We wanted to make sure you saw today’s New York Times editorial imploring House Speaker John Boehner to drop the excuses and act on comprehensive immigration reform legislation in the House of Representatives this year:
“Mr. Boehner, who pledged to press ahead with immigration reform a year ago following Mitt Romney’s dismal performance with Latino voters, now says the House will not negotiate with Democrats on the basis of the sweeping reform bill passed by the Senate in June with bipartisan support. Translation: Don’t hold your breath for immigration reform this year, and don’t get your hopes high for next year, either.”
“The only immigration bill on which Mr. Boehner has permitted a vote by the full House would allow for the mass deportation of young, undocumented immigrants brought to this country illegally as children by their parents — the so-called Dreamers.”

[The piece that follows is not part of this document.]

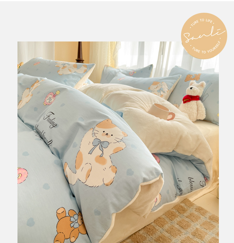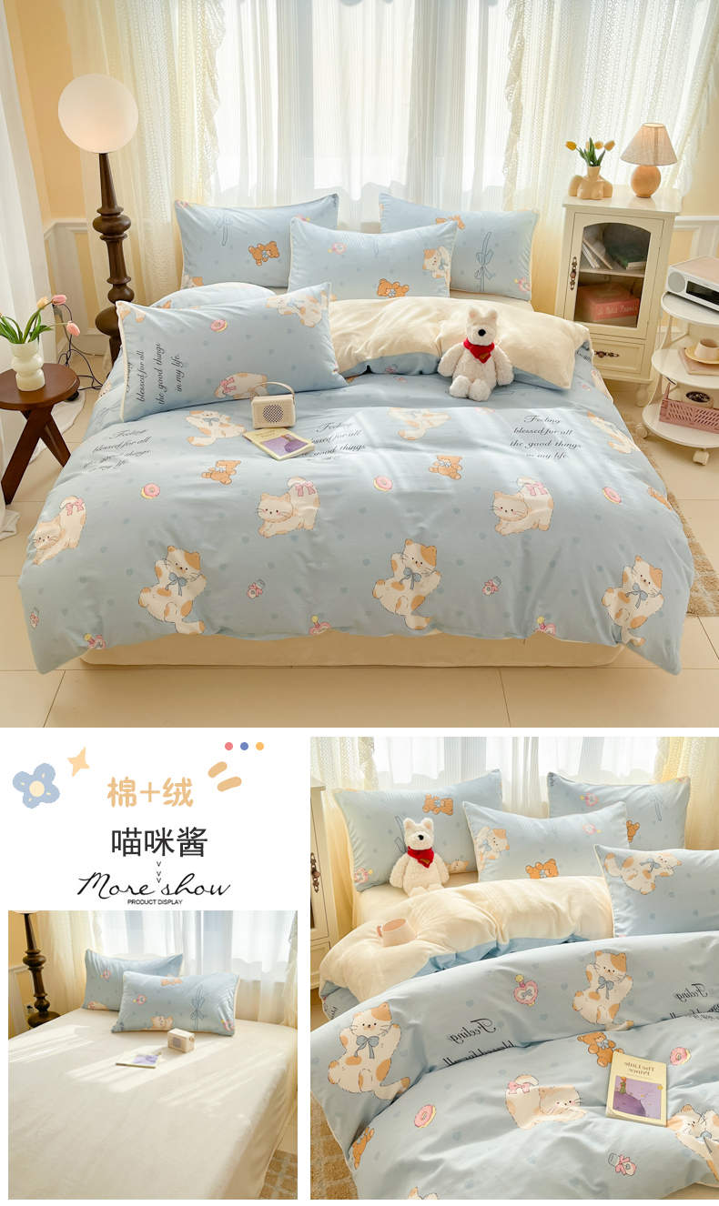当前位置: 91家纺网 > 商品网购 > 床品套件 > 四件套 > 其它四件套 > 麦伦家居 2025秋冬新品多功能床品全棉+牛奶绒印花四件套 猫咪酱

“Deporting hundreds of thousands of youngsters who grew up and went to school in the United States does not seem an especially promising way to resolve the broader issue of the nation’s broken immigration system. Neither does heaving billions of dollars more at border security without tackling the entire problem. Some partial reforms, such as opening the visa spigot for high-tech engineers, scientists and mathematicians, may make sense, but they don’t get at the fundamental problem.”
“As it happens, border security and high-tech visas are addressed in the Senate bill, along with more fundamental reform; that’s why it’s 1,300 pages long, a fact that Mr. Boehner cited to dismiss its viability as the basis for negotiations. In the wake of Obamacare’s rollout troubles, large-scale reforms are in poor repute, we understand. But there are 11 million undocumented immigrants in the United States. The country needs to deal with them in some way. When it does so, it needs to set up a sensible system for future immigration so we don’t wind up in the same fix 10 or 20 years from now. That requires legislation of some complexity, it’s true, but members of Congress are elected to solve complex problems.”
“Mr. Boehner should let House Republicans vote on the parts of immigration reform they consider priorities and take that ‘sensible step-by-step’ approach into negotiations with the Senate. It is unserious, and unconstructive, to tell the Senate what it can and cannot bring to the table in negotiations with the House.”
We couldn’t agree more. Americans overwhelmingly support comprehensive immigration reform. The Senate has acted in a bipartisan and comprehensive way and it’s time for the House to act.